Starting in 0.11.0, object selection has had a number of user-requested additions in
order to support more explicit location based indexing. pandas now supports
three types of multi-axis indexing.

- ``.loc`` is strictly label based, will raise ``KeyError`` when the items are not found, allowed inputs are:

  - A single label, e.g. ``5`` or ``'a'``, (note that ``5`` is interpreted as a *label* of the index. This use is **not** an integer position along the index)
  - A list or array of labels ``['a', 'b', 'c']``
  - A slice object with labels ``'a':'f'``, (note that contrary to usual python slices, **both** the start and the stop are included!)
  - A boolean array

  See more at :ref:`Selection by Label <indexing.label>`

- ``.iloc`` is strictly integer position based (from ``0`` to ``length-1`` of the axis), will raise ``IndexError`` when the requested indices are out of bounds. Allowed inputs are:

  - An integer e.g. ``5``
  - A list or array of integers ``[4, 3, 0]``
  - A slice object with ints ``1:7``
  - A boolean array

  See more at :ref:`Selection by Position <indexing.integer>`

- ``.ix`` supports mixed integer and label based access.

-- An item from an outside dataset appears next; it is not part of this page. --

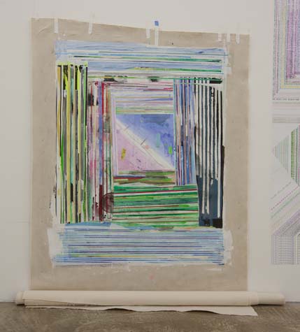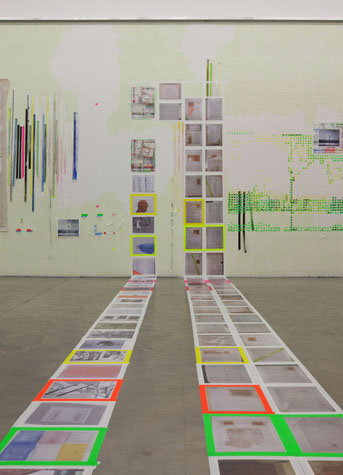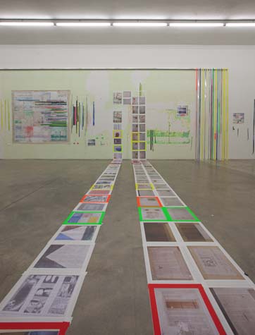 Mixed media installation featuring pairs of works in which each part of the pair offered a consideration of the other. The conceptual possibilities of temporal expansion and contraction were emphasized through the physical and temporal doublings. For example, textmindfloormind was a pair of types of laminated 9” x 11” digital prints adhered to the floor. The laminations contained the rephotographed press releases from Greater New York 2010 (MoMA PS1), timecompressionmachine (photographs were taken after three months of foot traffic and thus worn and torn). This rephotographing of the past extended the temporal, and the lamination of the new pairs alluded to ideas of the archival. One group of laminations included all the the photographs of the press releases with images cut from the press releases. The second group of laminations included all the images that were cut from each press release, printed to a new dimension of 9” x 11”, a significant increase over the original scale of the image. Other pairs in the installation included: 1. a painting of acrylic on canvas with a trompe l’oeil watercolor painted in the center and its pair, a wall painting at the same dimension with a physical watercolor on paper in the center, making a double image; 2. painted tape screens dividing the space and the same quantity of tape rolls unrolled and clustered on the floor; 3. 72” x 72” acrylic on canvas and 14” x 14” watercolor on paper of similar images but different media and scale. |

It is primarily label based, but will fallback to integer positional access. ``.ix`` is the most general and will support
  any of the inputs to ``.loc`` and ``.iloc``, as well as support for floating point label schemes. ``.ix`` is especially useful when dealing with mixed positional and label
  based hierarchical indexes.

  As using integer slices with ``.ix`` have different behavior depending on whether the slice
  is interpreted as position based or label based, it's usually better to be
  explicit and use ``.iloc`` or ``.loc``.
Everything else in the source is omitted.